Artifact Seems Like A Very Valve Card Game

Image: Valve

There are two things in this world that Valve evidently loves more than anything: hands-off approaches and the invisible hand of the market.

And wouldn’t you know it: DOTA 2 card game Artifact is gonna have plenty of both.

Artifact, a collaboration between Valve and Magic: The Gathering creator Richard Garfield, is coming out in a couple months, which means information about the systems surrounding the game itself is starting to trickle out.

In an interview with GamesIndustry.biz, Garfield and Valve programmer Jeep Barnett explained how players will be able to earn cards.

In short: they won’t.

Cards, Garfield and Barnett said, will only be attainable through Artifact’s marketplace—in packs, or individually from other players.
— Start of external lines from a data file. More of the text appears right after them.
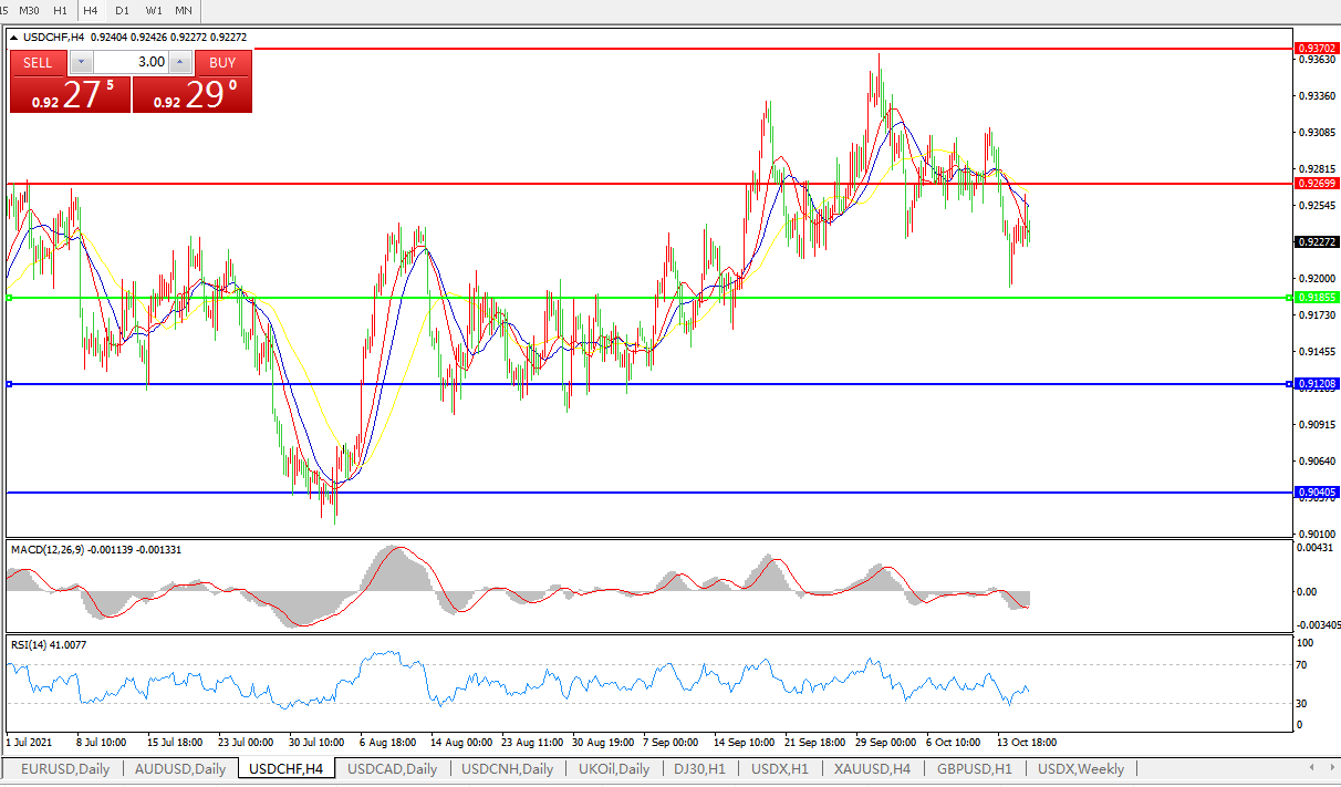 交易策略:0.9270下方看跌,目标0.9185、0.9120
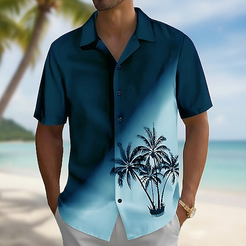 Per uomo Albero di Cocco Colore sfumato Piante Tropicali Camicia hawaiana estiva Camicia con Bottoni Camicia Aloha Manica Corta Hawaiano Vacanza Estate Primavera Collo ripiegato Stampa 3D camicie con
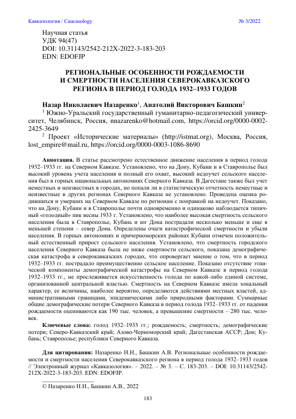 Электронный журнал «Кавказология». – 2022. – № 3. – С. 183-203
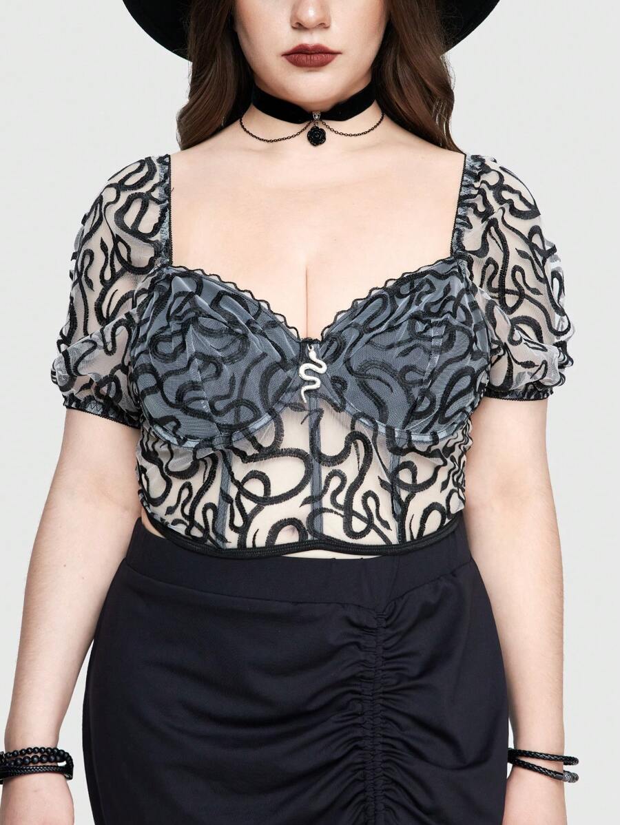Goth Top sexy trasparente taglia forte con motivo serpente ricamato
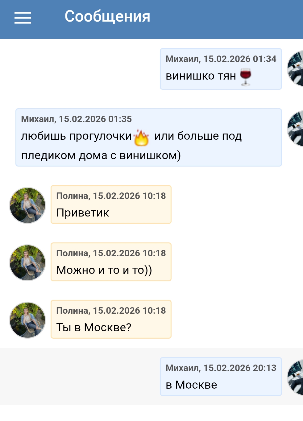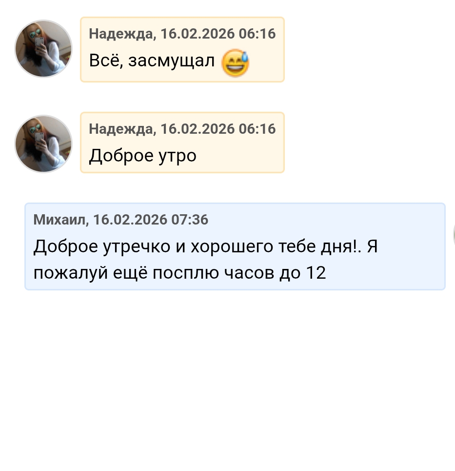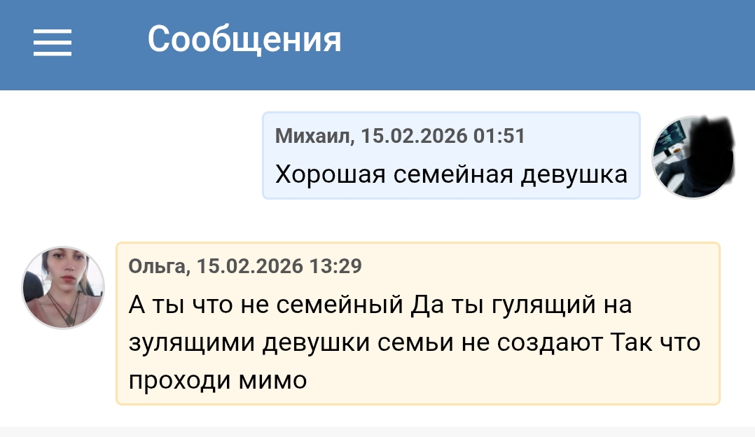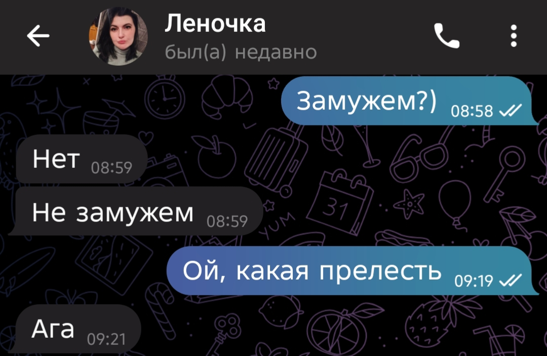 2 дня общался с тянкой. Кстати прям норм такая девка мне подстать общаться легко . Вчера пожелали друг другу спокойной ночи. С утра пишет мне доброе утро, ну я ответил и лег ещё поспать. Потом проснулся пишу, а всё, уже уже в блоке. Получается принцесса хотела общения в 6 утра, не развлек, либо нашла другого. Кстати не первый раз такая ситуация на пустом месте после приятного разговора, обычно после ночного сна, че то у них там переклинивает похоже. Ну и в целом непонятно зачем блокировать, я и так после того как пишу вопрос и не отвечают больше не тревожу.
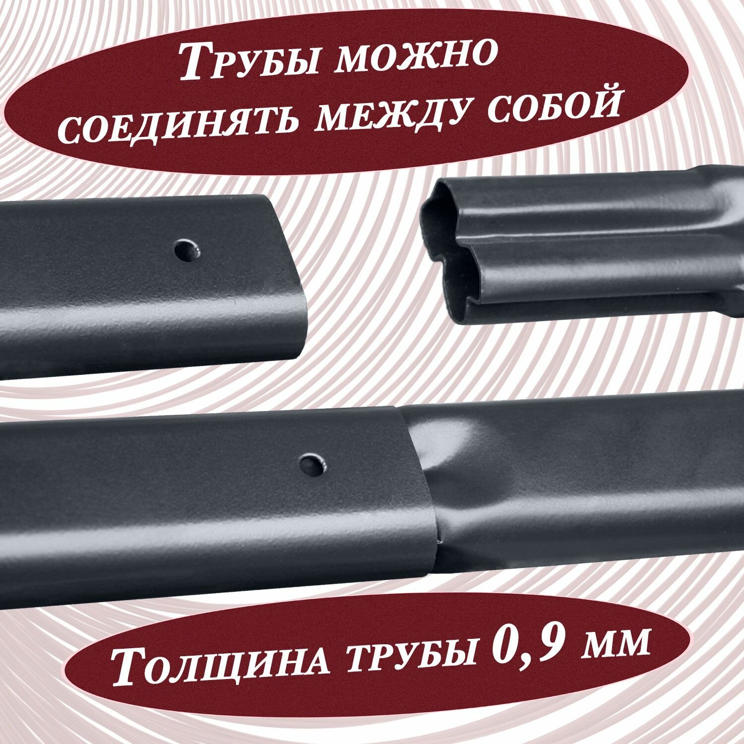 Трубчатый снегозадержатель состоит из двух овальных труб длиной 1,5 метра каждая, которые крепятся к кровле с помощью специальных кронштейнов. Кронштейны трапециевидные, имеют высоту до низа нижней трубы 45 мм и толщину 1,2 мм.

The game, which will cost $US20 ($28), will come with two standardised starter decks and ten packs of random cards, but beyond that, it’s the marketplace or nothing.
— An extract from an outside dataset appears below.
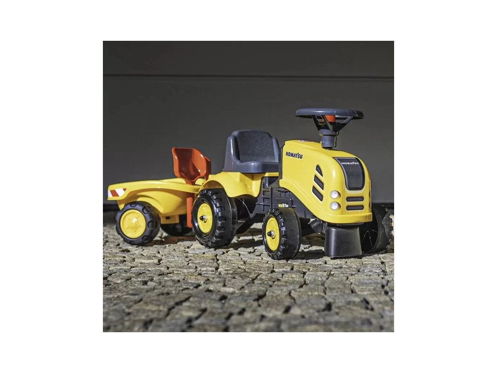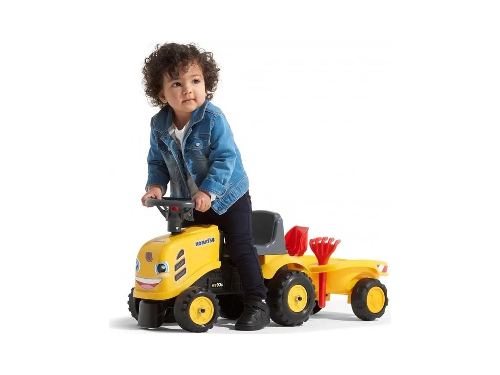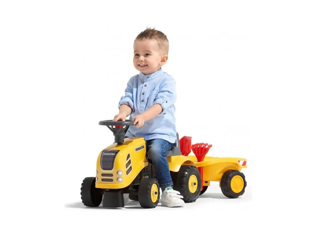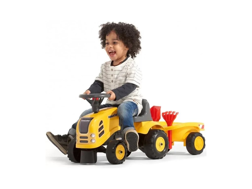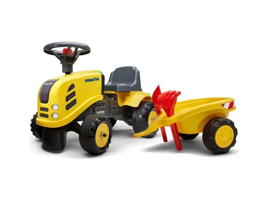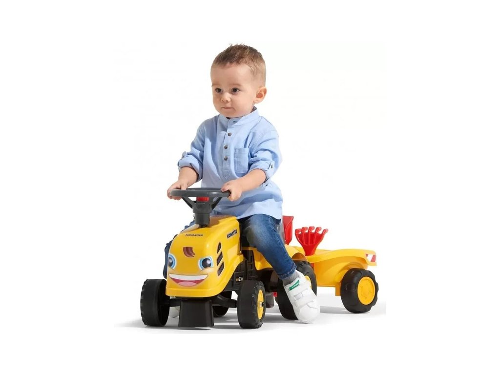 Dětské odrážedlo Falk Baby Komatsu s vlečkou, lopatkou a hráběmi. Kopie traktoru z plastu pro děti. Odrážedlo je vyrobené ve Francii z vysoce kvalitního odolného plastu s ohledem na bezpečnost dětí. Je vybaveno klaksonem na volantu. Pro děti od 1 do 3 let.
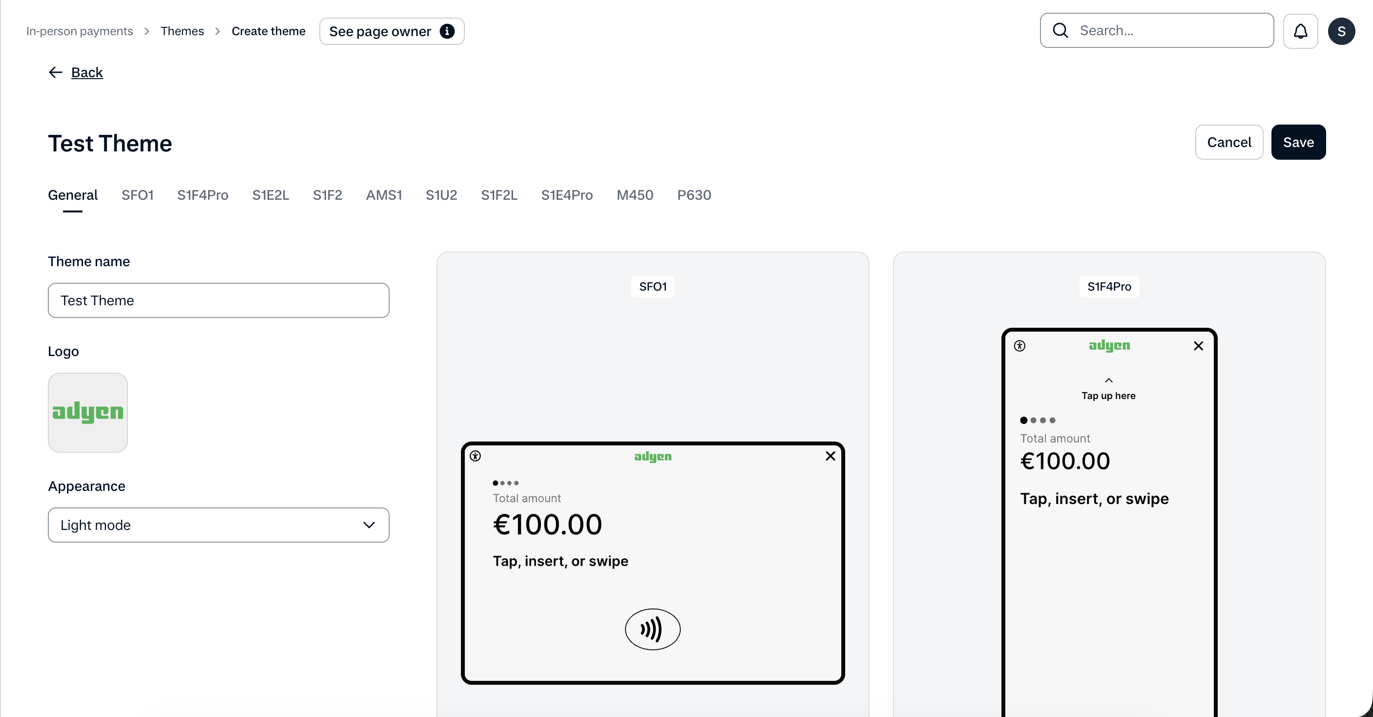 Themes can only be created on company or merchant level but can be applied to store and terminal level as well.Â

This means there’ll be “zero grinding,” but also means that you’ll have to fork over cash for shiny new cards like you’re playing, well, Magic: The Gathering - a game that can be prohibitively expensive if you’re looking to be anything more than a filthy (but also perfectly reasonable) casual.

Garfield said the hope is that common cards will remain viable enough that even penniless players will be able to get by, but it remains to be seen whether or not that aspiration will come to pass.
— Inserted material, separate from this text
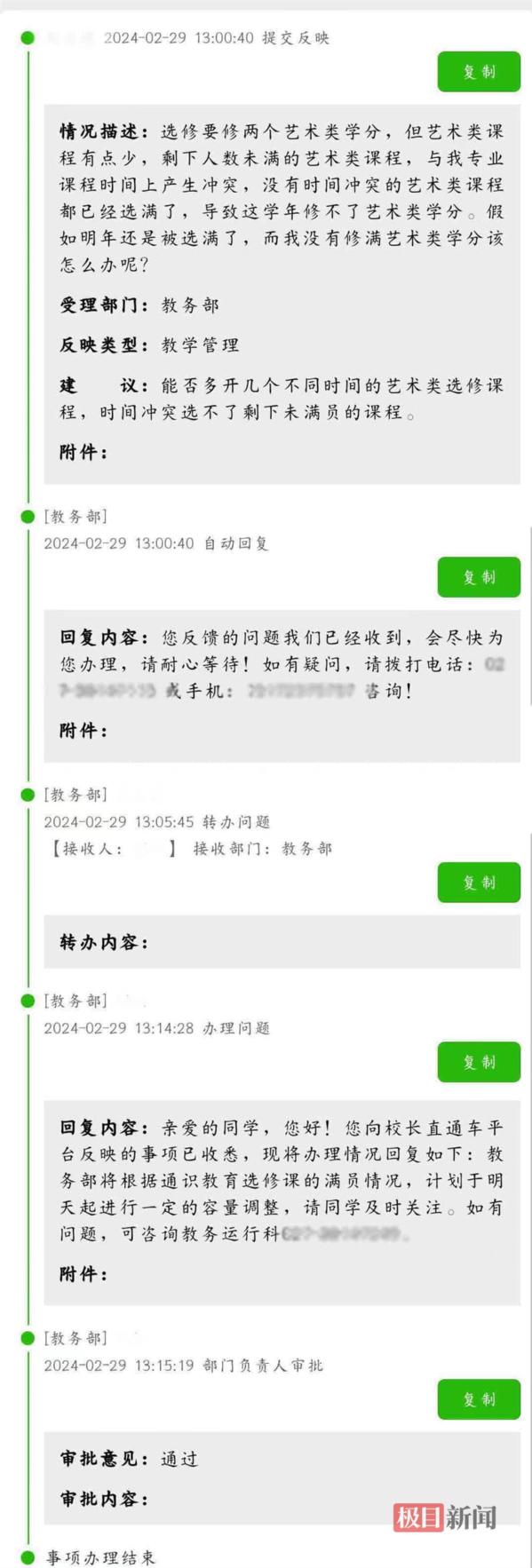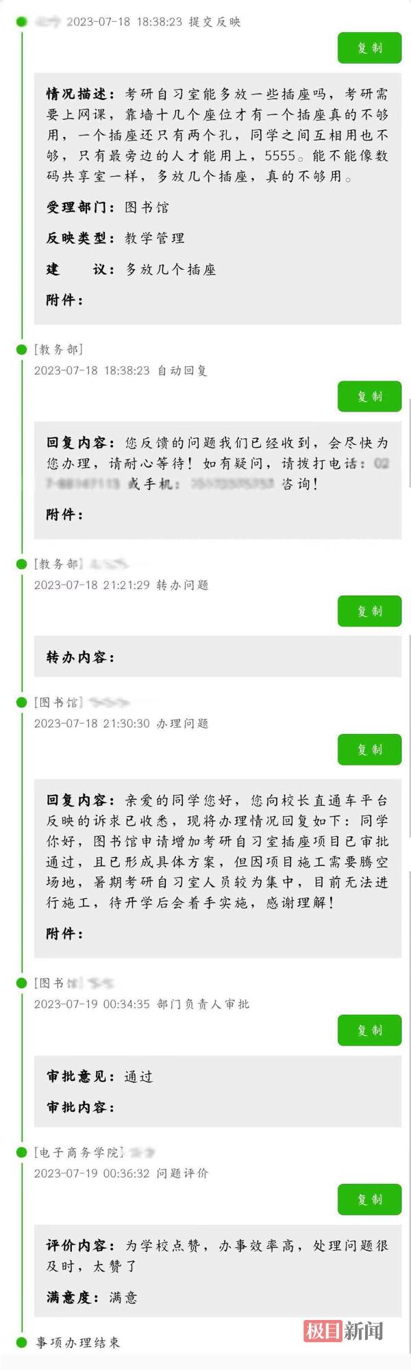 之所以如此高效,是因为该校要求,相关办理单位对学生反映的事项4个小时之内必须回复,事项办结时间一般不得超过3个工作日,若3个工作日未办理,学校就要启动问责程序。紧急事项应立办即复,事项办结一般不得超过1个工作日。

Artifact will also, said Garfield and Barnett, feature live chat during matches. True to Valve form, there are currently no plans to moderate it.

“Psychologically, we find that people misbehave when there is somebody else to observe them misbehaving,” Barnett said. “When it’s a one-on-one game, what is my motivation for saying something awful?”

Off the top of my head: to cause anger, to cause embarrassment, because people are watching you stream, to rattle somebody and gain an artificial upper hand, or - last but certainly not least - simply because there are no apparent consequences to their actions.

For now, though, this is what Valve is going with. We’ll see how it all turns out in November.


Comments

    Wow, the Magic the gathering business model for a digital card game? If anyone at Blizzard was worrying about having to change their Hearthstone business model i think they can now officially relax.

    I wonder if it's purely sale only or whether you can trade cards.

    What do they mean by "live" chat and no plans to moderate it? Does everyone get forced to have an open voice channel? Is it text chat where everyone watching can participate as well? Do you get to moderate your own chats and ignore or kick problematic people? Barnett knows that if there are two people there's always someone observing you right?

      You can trade cards, or sell them to other players on the Steam Marketplace.

      Is it text chat where everyone watching can participate as well?

      It's 1v1, so it's literally just you and your opponent in the chat. I would be astounded if you weren't able to mute them.

      Regarding trading; if they're using the Steam marketplace, and these cards exist as items in your Steam inventory, I can only assume that you could trade them just like anything else.

      With that said, I don't think there will be much trading. Because of the marketplace, every card will have a reasonably stable $ value, which one would assume would be known to both participants in a trade. Unless the total value on both sides of the trade is extremely, extremely close, the player whose cards have a higher total value would benefit more by just selling theirs on the marketplace and buying what they need back from the marketplace.

        Not necessarily true in this case because Valve takes a 15% cut of the sale, so trading for any card that is worth less that 15% less than the value of your card would be the best avenue. Based on that some people will even win on trades knowing that a card that is worth up to 15% less than the one they want can be still be a legitimate trade offer as well.

    It looks like the main reason we will never get Half Life 3 is that Valve cant figure out a good way to turn it into a platform for micro-transactions.

      Buying individual bullets/grenades/charges?
      "Buy 50 pistol rounds* for $5 and get a free grenade**!"

      (*Pistol rounds will come in magazines of 10, and bullets will be lost if you reload before the clip is empty)
      (**Type of grenade may vary to ensure it is the least useful for your current situation)

    Well, that drops a big arse bucket of cold water on any potential interest I may have once had in the game.